The effects of how far into the future COVID-19 will continue being an issue is unknown, but as long as it goes on, the Institute sees a continued place for the videos.
“I think until it’s necessary,” Chefetz said. “It depends on further interest. If they request more, we’ll make more.”
Continuing the science
Despite working from home constraints, the scientists of the institute are finding ways to continue their own research.
There’s plenty of work to do, but continuing the experiments has become a problem.
“It’s been a challenge,” Hoeppner said. “From a work perspective and personal life perspective.”
However, many of the scientists are able to fall back on previously generated data to continue pushing forward and they’ve been able to continue writing papers and talking with associates through Zoom.
“As a (Principal Investigator) my work is a lot of writing: writing grants, writing papers for reviews, and doing seminars,” Cheftez said. “In research, doing experiments is really extremely limited right now.”
Hoeppner was also fortunate in his ability to work with data from home on top of the grant work that occupies so much of his time, which includes submissions to organizations like the Department of Defense, National Institutes of Health and the National Cancer Institute.
In particular though, it’s been the data he and his department have been able to work on, that’s been fortuitous.
“Another example of being fortunate to use what we have: We were in the process of having a manuscript peer reviewed,” Hoeppner said. “We were fortunate, right before the COVID-19 suspension, a post doctorate, (Sk. Kayum) Alam, did a great job to get the data done, get the paper submitted, and we just found out that most likely it would get accepted. I’m proud of Dr. Alam. He accelerated that work. We didn’t know this was coming, but he did a good job prioritizing.”

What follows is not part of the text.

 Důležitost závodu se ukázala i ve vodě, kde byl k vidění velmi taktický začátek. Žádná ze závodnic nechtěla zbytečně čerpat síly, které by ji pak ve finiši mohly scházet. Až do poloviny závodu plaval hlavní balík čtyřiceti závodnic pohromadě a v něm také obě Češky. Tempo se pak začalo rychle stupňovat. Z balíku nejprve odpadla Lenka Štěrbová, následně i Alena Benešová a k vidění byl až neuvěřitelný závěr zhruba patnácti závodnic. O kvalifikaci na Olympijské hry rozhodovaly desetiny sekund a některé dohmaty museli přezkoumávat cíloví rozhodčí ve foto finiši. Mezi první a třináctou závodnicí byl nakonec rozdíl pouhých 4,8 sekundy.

Collaboration with Rendong Yang, Ph.D., in Computational Cancer Genomics also allowed Hoeppner to get ahead of the curve. That work allowed his department to get data from a wet lab at the Institute so as to be able work on it when he was forced to work at home.
Even taking into account the work scientists are doing, there is no denying just how much of a disruption COVID-19 has been.
“We’re busy as ever, but the biggest challenge is not being able to test ideas,” Hoeppner said. “The most important part of being a scientist is having hypotheses and theories and testing them. We can’t test them. The hard part is for grants and papers. We want to propose something new, but we won’t have the opportunity to support it.”
It’s not that scientists alone have been impacted by COVID-19.
The building itself and those moving parts within still need maintenance and having limited access to the building is making that more challenging as well.
“A huge part of it is I had to split up my staff in case somebody got sick so that we still had backups to come in,” said Building Systems Manager Mark Severtson. “We’re coming in on opposite days so there’s no contact.”
This has made it hard to keep everything up and running and forcing his team to prioritize as much as possible. It’s also meant closing off areas that aren’t being used as much to make it easy to sanitize and clean the building.
“The main focus is trying to keep all things sanitized, but with a limited staff,” Severtson said. “We do continue to monitor and service our own equipment, just scaled down and prioritized.”
However, as luck would have it, Severtson’s team might have been more ready than some due to another of his staff having come up with a new plan for emergencies.
“Prior to this, we had a member of our team come up with an emergency plan,” Severtson said. “It’s something we had just coming online so it was kind of interesting. We had to modify it a bit.
“We had everything: fires, severe weather, shooters, chemical spills, stuff like that,” Severtson said. “We were hitting on everything that we could think of, building off a plan of the University of Minnesota.”